23 agosto 2010

Cartas ao coração II


Pai, de manhãzinha entrou-me uma nuvem pelo quarto.
E o seu toque esponjoso acordou-me a menta do corpo e as minhas pestanas divorciaram-se.
O teto do quarto estava mais azul e os relevos das ervas aromáticas que lá plantei já se exibiam luxuosamente aos meus olhos.
Dancei entre as cortinas que se entoalharam sobre mim; mas só até o Sol flirtar comigo e eu icendiar o coração. Com os meus fósforos de escoteiro.
Assisti a um eclipse. O coração com a coroa flamejante foi ter com as estrelas da manhã de Verão e os aviões desenharam obras abstractas no céu turquoise.
Mas eu não consegui sorrir, pai. A magnólias disseram-me para não sorrir, podia encadear as frutas que crescem nos jardins dos deuses..
Mas não faz mal; Eu guardo o sorriso para a noite a fim de guiar a Lua comigo, está bem?

17 agosto 2010

E Merda está no dicionário.


Se a escrita não existisse para mim;
iria esmurrar muralhas da China, não me ia cessar do prazer de destruir incansávelmente um glassiar do tamanho deste mundo ou do outro até sangrar das mãos para saber que posso continuar.
Ia queimar cabelos com um sopro e fatiar a lâminas bem fininhas os déspotas pérfidos que afinal são de alabastro.
Eu ia chegar aos limites que os limites não conheçem de si.
Ia explodir explosões e queimar o fogo com as suas próprias chamas.
Iria gemer ao comer os sushis e os origamis humanos feitos por mim de olhos bem abertos: há que vêr os bons espetáculos satânicos de uma vida.
As flores com que se enterram os familiares iriam ficar podres e cheirar a jarro-titã.
Ninguem ia mecher-se. Mover-se.
A raiva ia expandir-se e acordar-me o êxtase ao âmago.
Como eu queria que a escrita não existisse.

16 agosto 2010

12 agosto 2010

Verbalizações.


- Amo-te.
- Porque é que nunca ouvi isso sair da tua boca antes?
- Eu sempre te disse; mas os beijos não se ouvem.

10 agosto 2010

De molinhas às costas.


Dobrávamos os músculos, ríamos com pinturas, saltávamos do céu
E caíamos na rede dos peixes, fazendo parte de figuras.
In-animadas. A animação vinha-nos de dentro
e os senhores das pipocas viam nos olhos cegos dos clientes o trabalho por fora.
Éramos os nómadas do destino.
Assistíamos às pobres selvas enjauladas dos tigres e dos leões que pouco comiam e pastávamos o mesmo cheiro a feno fora das roulotes com televisão a pilhas. E eramos mais altos que os elefantes.
Gravámos t-shirts com as canetas de feltro baratinhas e tirámos fotos com as caras que não eram nossas.
Fomos famosos por horas, entrámos em sonhos de crianças quando não saltávamos de caixinhas-surpresa com a molinha ao fundo das costas.
Trabalhávamos de noite; dobrávamos os músculos.
Só dormiamos quando o mundo se esquecia de nós.
Nunca ninguém se esqueçeu de nós.
A nossa tenda era redonda como o mundo, sem um começo nem fim nem destino concreto.

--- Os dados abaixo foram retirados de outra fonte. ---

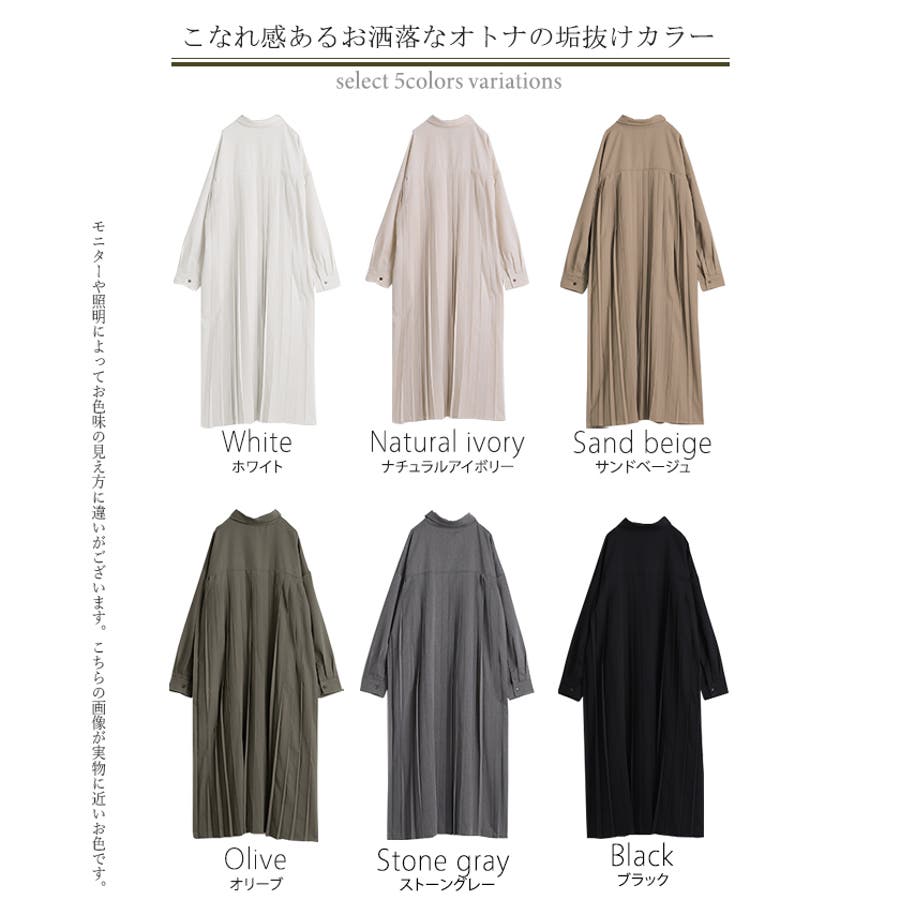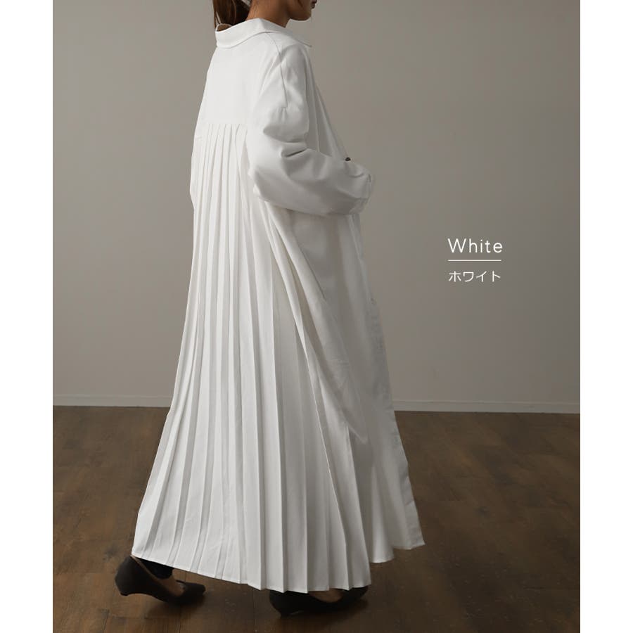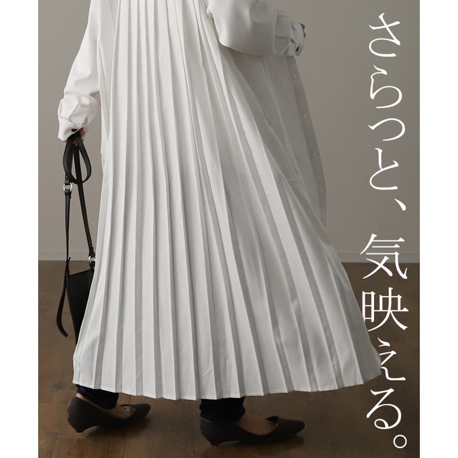【ホワイト】ワンピース レディース シャツワンピース 長袖 ロング プリーツ ロングワンピ

E nunca foi preciso ir a um circo para lá estarmos.

Não durmas.


- Acendeste a luz!?
- Não. Eu estava a dormir.
- Eu também. Porque a acendeste?
- Foste tu.
- Estás parvo?
- Não. Olha para o teu coração.

04 agosto 2010

Cartas ao coração


As folhas caíam e nunca mais voltavam, no movimento-fotocópia dos teus olhos sobre a madeira tratada;
enquanto tu me contavas as histórias de acordar, as histórias da verdade.
E quando as pestanas teimavam em ajoelhar-se no meu rosto tu paravas a história enfadada e seguravas-nos com medo que o nosso barco de lençóis e almofadas naufragasse na cave do andar mais alto das lojas da moda.
Sopravas-me sempre os clichês ao ouvido enquanto a minha boca aninhava as amêndoas à língua. As amêndoas que me trazias das viagens que eu nunca sabia. Eu nunca te dizia obrigado.
Depois as aves subiram ao céu e os peixes afogaram-se na água que o ar não tem. Eu nunca chorei, mas sentia falta deles.
Sentia falta deles como na verdade nunca senti daquele teu dormir fraguementado com o sangue a querer sair de ti.
Pois agora acenam-me imagens dos vários momentos que passámos que eu não me lembro.
Não me lembro se cheguei a comer as amêndoas. Mas obrigado.